→ Given data
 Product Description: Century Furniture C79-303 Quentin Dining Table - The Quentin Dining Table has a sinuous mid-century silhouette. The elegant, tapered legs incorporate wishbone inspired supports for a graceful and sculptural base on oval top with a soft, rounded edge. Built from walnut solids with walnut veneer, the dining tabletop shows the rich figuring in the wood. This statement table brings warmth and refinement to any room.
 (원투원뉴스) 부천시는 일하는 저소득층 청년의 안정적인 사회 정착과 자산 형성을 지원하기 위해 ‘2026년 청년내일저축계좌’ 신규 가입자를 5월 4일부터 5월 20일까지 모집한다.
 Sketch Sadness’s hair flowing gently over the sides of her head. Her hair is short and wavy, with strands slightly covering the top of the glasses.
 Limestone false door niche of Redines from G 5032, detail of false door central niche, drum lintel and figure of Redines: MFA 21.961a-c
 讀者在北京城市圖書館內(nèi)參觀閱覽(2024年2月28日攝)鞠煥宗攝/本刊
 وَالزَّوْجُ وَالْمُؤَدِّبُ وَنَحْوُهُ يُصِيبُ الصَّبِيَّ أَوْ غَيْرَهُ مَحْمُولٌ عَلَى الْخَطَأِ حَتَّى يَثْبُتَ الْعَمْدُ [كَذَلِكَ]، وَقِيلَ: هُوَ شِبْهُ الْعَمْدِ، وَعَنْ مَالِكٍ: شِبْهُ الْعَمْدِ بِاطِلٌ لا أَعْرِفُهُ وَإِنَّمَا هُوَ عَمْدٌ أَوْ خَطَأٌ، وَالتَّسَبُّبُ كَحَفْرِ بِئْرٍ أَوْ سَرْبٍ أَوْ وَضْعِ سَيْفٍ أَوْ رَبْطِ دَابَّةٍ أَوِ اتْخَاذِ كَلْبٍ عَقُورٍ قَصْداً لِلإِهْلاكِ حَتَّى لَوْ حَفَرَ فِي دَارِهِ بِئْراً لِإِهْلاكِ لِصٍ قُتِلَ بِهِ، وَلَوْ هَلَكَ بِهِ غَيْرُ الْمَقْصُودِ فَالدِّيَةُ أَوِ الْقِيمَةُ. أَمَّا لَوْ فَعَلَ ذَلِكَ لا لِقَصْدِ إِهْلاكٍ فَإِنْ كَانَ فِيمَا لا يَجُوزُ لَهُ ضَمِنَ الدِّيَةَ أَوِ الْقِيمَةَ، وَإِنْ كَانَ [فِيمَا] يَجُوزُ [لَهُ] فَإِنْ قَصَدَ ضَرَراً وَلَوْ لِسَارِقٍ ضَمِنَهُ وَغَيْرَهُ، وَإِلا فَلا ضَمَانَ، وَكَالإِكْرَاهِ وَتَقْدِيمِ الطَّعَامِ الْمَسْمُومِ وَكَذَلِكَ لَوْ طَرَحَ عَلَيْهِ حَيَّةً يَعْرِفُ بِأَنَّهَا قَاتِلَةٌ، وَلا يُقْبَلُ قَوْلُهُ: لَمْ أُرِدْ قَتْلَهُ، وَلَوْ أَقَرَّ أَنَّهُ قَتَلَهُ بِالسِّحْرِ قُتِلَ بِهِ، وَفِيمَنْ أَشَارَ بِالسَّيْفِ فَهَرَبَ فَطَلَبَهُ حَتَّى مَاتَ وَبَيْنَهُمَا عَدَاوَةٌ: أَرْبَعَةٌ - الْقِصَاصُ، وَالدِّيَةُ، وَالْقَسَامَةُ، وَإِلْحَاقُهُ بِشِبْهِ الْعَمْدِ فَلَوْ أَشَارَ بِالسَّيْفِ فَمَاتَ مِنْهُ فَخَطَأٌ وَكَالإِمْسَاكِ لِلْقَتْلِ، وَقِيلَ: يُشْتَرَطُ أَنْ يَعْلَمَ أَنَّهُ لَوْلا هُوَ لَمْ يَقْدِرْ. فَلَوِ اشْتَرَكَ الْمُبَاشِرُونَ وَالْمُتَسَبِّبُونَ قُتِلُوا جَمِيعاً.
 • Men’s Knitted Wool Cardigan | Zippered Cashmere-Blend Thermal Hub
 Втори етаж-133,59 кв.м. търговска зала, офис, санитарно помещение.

---

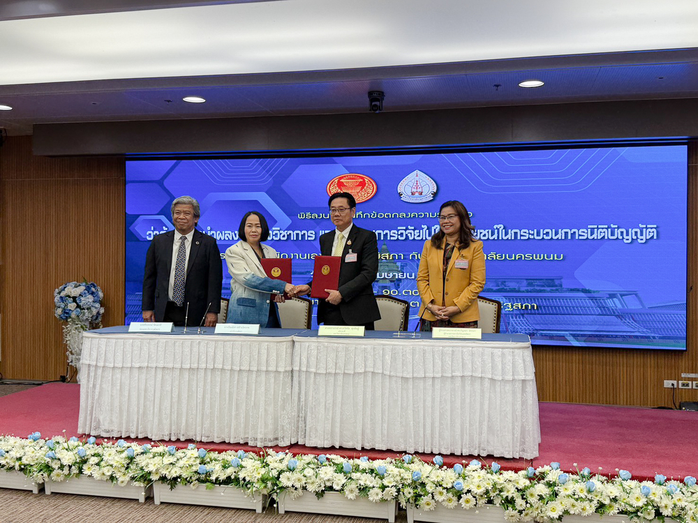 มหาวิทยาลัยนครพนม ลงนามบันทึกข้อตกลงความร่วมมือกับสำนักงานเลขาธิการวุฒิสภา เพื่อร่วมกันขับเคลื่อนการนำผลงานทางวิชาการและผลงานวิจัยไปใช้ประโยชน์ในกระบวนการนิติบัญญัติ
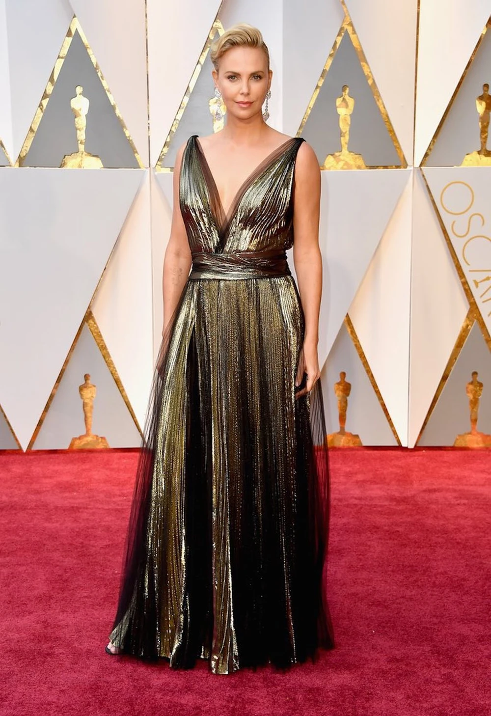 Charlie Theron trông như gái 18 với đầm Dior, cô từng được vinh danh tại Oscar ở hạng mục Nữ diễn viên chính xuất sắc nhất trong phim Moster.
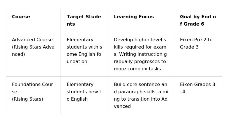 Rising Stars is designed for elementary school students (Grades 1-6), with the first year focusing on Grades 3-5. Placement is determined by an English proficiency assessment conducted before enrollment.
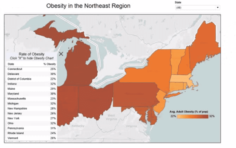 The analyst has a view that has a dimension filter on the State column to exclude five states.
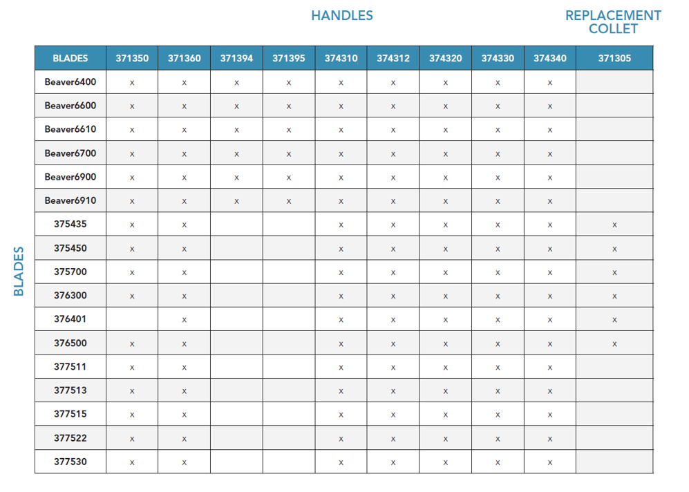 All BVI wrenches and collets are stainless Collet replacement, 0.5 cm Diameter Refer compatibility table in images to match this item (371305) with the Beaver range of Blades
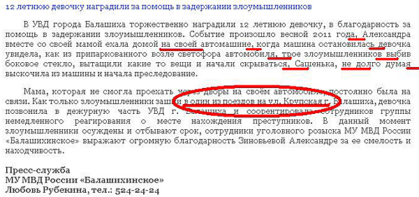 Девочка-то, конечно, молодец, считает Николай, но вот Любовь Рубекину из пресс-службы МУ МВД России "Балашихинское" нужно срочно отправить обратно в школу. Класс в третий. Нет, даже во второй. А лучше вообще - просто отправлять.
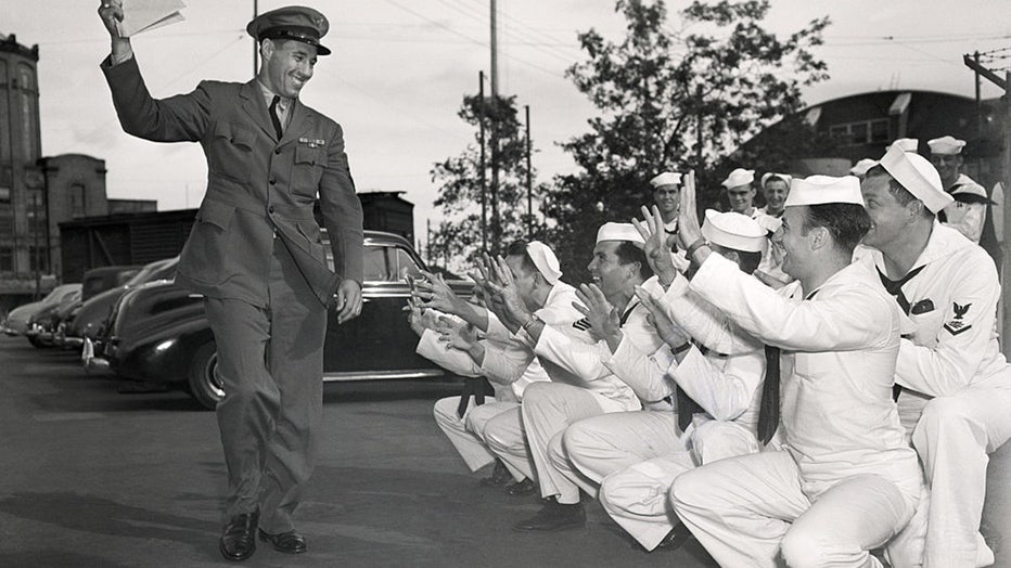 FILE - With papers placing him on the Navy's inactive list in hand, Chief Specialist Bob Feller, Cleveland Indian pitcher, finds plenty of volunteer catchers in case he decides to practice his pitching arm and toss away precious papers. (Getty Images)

...

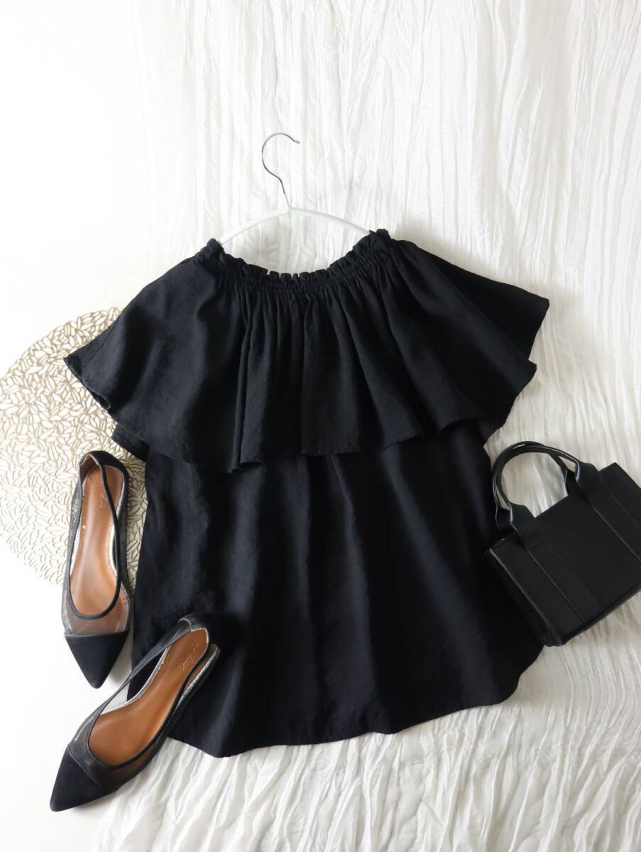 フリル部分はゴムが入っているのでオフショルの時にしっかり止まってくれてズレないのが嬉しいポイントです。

→ Exercise
Using the entries above, transcribe exactly from the line that has "Rising Stars is" through the line that has "FILE - With". Pictures are dropped.

→ Response to this task
 Rising Stars is designed for elementary school students (Grades 1-6), with the first year focusing on Grades 3-5. Placement is determined by an English proficiency assessment conducted before enrollment.
 The analyst has a view that has a dimension filter on the State column to exclude five states.
 All BVI wrenches and collets are stainless Collet replacement, 0.5 cm Diameter Refer compatibility table in images to match this item (371305) with the Beaver range of Blades
 Девочка-то, конечно, молодец, считает Николай, но вот Любовь Рубекину из пресс-службы МУ МВД России "Балашихинское" нужно срочно отправить обратно в школу. Класс в третий. Нет, даже во второй. А лучше вообще - просто отправлять.
 FILE - With papers placing him on the Navy's inactive list in hand, Chief Specialist Bob Feller, Cleveland Indian pitcher, finds plenty of volunteer catchers in case he decides to practice his pitching arm and toss away precious papers. (Getty Images)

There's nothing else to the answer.